### Data for the task
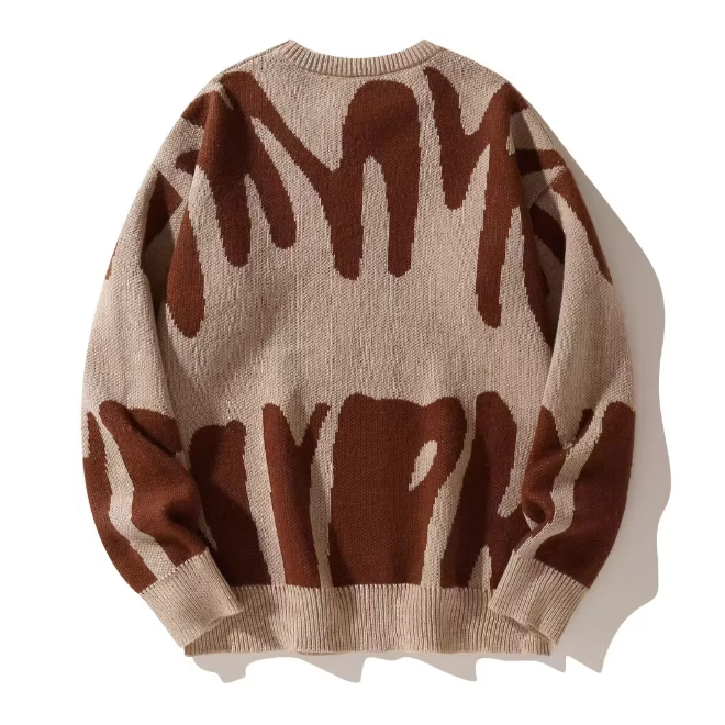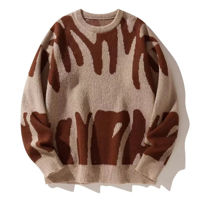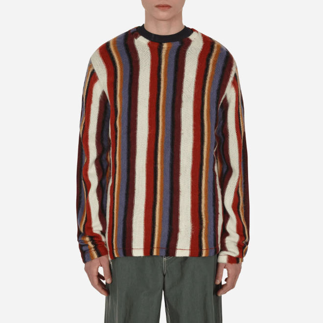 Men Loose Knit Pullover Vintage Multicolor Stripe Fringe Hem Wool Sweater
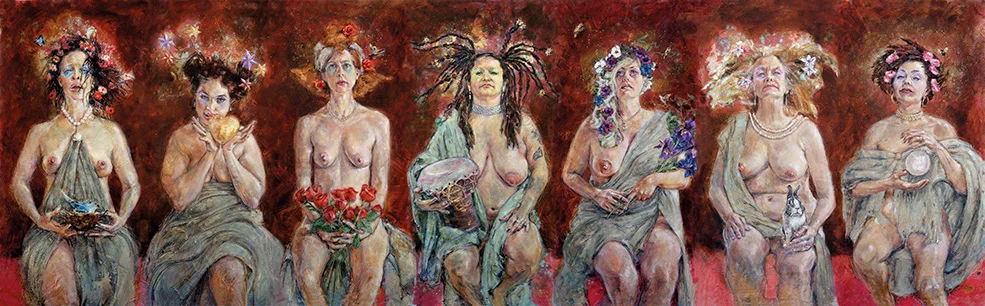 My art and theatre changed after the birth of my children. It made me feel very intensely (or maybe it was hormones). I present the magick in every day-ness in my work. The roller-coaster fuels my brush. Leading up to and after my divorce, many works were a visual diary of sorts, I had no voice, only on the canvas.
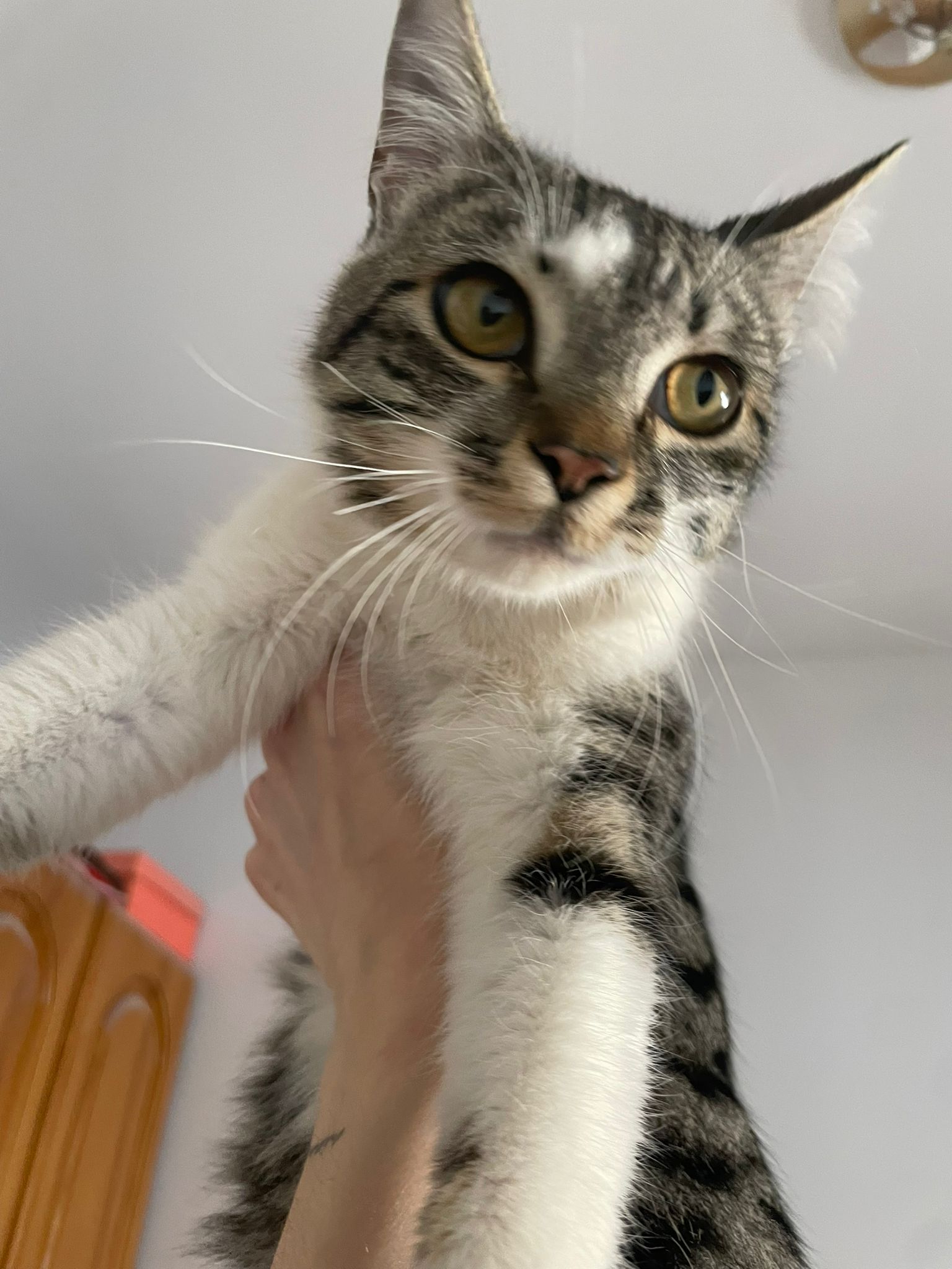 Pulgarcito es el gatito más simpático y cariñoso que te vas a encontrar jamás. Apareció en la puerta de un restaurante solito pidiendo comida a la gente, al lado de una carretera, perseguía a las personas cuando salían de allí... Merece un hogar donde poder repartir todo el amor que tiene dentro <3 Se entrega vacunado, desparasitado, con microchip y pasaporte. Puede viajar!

==

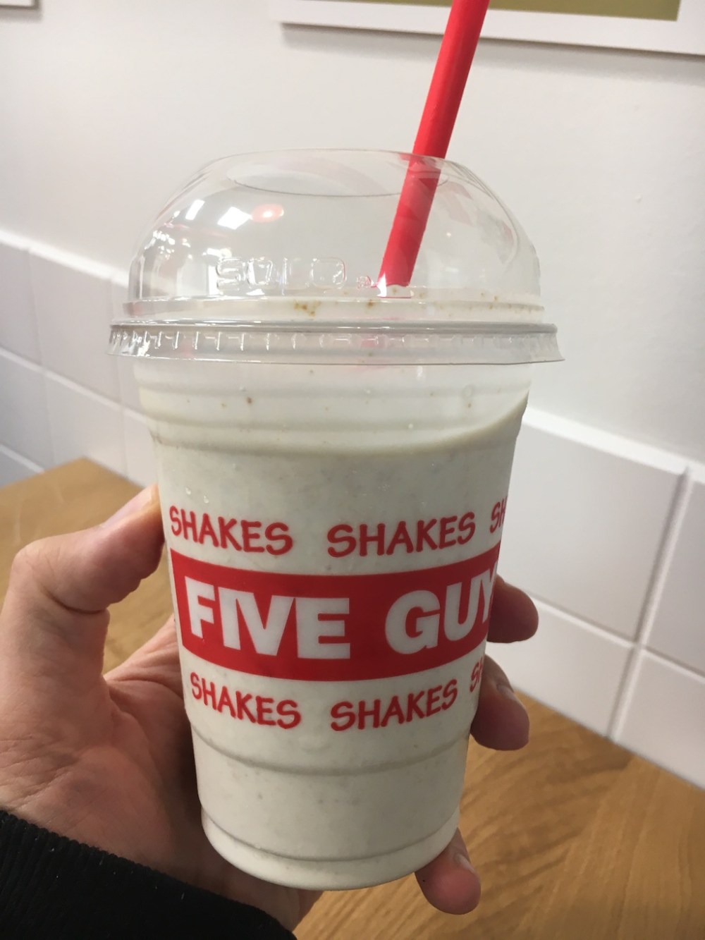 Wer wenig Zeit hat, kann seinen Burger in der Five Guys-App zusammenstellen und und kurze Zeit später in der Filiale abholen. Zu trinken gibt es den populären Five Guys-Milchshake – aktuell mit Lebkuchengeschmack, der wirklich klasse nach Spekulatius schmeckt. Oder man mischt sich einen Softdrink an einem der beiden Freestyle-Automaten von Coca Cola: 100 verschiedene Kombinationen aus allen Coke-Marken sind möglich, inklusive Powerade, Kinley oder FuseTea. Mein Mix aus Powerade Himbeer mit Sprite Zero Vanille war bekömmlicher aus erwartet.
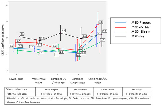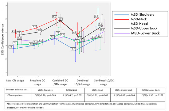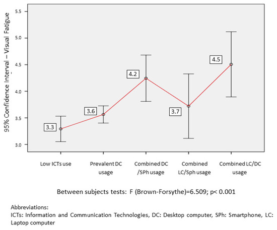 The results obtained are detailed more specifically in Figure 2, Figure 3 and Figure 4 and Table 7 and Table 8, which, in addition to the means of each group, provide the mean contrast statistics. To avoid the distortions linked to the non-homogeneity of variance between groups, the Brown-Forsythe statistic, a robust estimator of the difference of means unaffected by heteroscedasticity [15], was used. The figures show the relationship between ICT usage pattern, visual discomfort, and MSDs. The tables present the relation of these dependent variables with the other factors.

### Your goal
Among the records above, locate the line containing "My art and theatre" and the line containing "Pulgarcito es el", then transcribe exactly the lines starting at the first and ending at the second, with no pictures.

### Completed exercise
 My art and theatre changed after the birth of my children. It made me feel very intensely (or maybe it was hormones). I present the magick in every day-ness in my work. The roller-coaster fuels my brush. Leading up to and after my divorce, many works were a visual diary of sorts, I had no voice, only on the canvas.
 Pulgarcito es el gatito más simpático y cariñoso que te vas a encontrar jamás. Apareció en la puerta de un restaurante solito pidiendo comida a la gente, al lado de una carretera, perseguía a las personas cuando salían de allí... Merece un hogar donde poder repartir todo el amor que tiene dentro <3 Se entrega vacunado, desparasitado, con microchip y pasaporte. Puede viajar!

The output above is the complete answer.